═════ Source records ═════

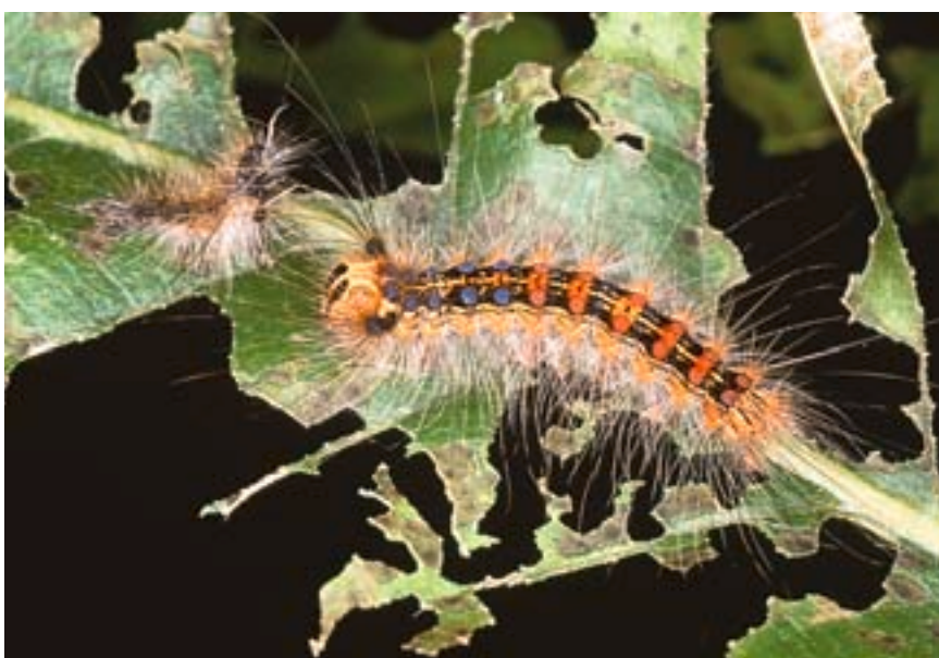
Fig. 1. Chenille du bombyx disparate.

Dagmar Nierhaus-Wunderwald et Beat Wermelinger
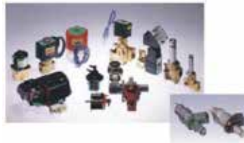
電磁ステンレス鋼の製品例
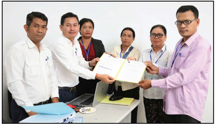
គណបក្សខ្មែរឈប់ក្រ
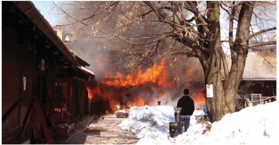
Trgovke u plamenu

Dodao je kako će Općina sanirati unutrašnjost svojih trgovki, dok će troškove sanacije privatnih radnji morati snositi sami vlasnici.
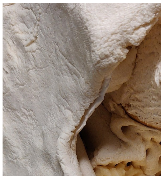
Kuva 2. Rintakehän yläosan kipsiharsorunko kiinnitettynä paikalleen taikataikinaa käyttäen. (Lilja 2021) Kuva 3. Tukirangan ja taikinan väliin muodostunut ilmarako, (Lilja 2020)

Kananmunan käyttö taikataikinatöiden viimeistelyssä on perinteinen tapa tasoittaa pintaan kristallisoituneen suolan aiheuttamaa karheutta ja lisätä pinnan kiiltoa lakkaamisen tapaan.

═════

All lines above from the one containing "Dagmar Nierhaus-Wunderwald et" up to and including the one containing "Kuva 2. Rintakehän" are to be set down exactly, and nothing else. Leave images out.

Dagmar Nierhaus-Wunderwald et Beat Wermelinger
電磁ステンレス鋼の製品例
គណបក្សខ្មែរឈប់ក្រ
Trgovke u plamenu

Dodao je kako će Općina sanirati unutrašnjost svojih trgovki, dok će troškove sanacije privatnih radnji morati snositi sami vlasnici.
Kuva 2. Rintakehän yläosan kipsiharsorunko kiinnitettynä paikalleen taikataikinaa käyttäen. (Lilja 2021) Kuva 3. Tukirangan ja taikinan väliin muodostunut ilmarako, (Lilja 2020)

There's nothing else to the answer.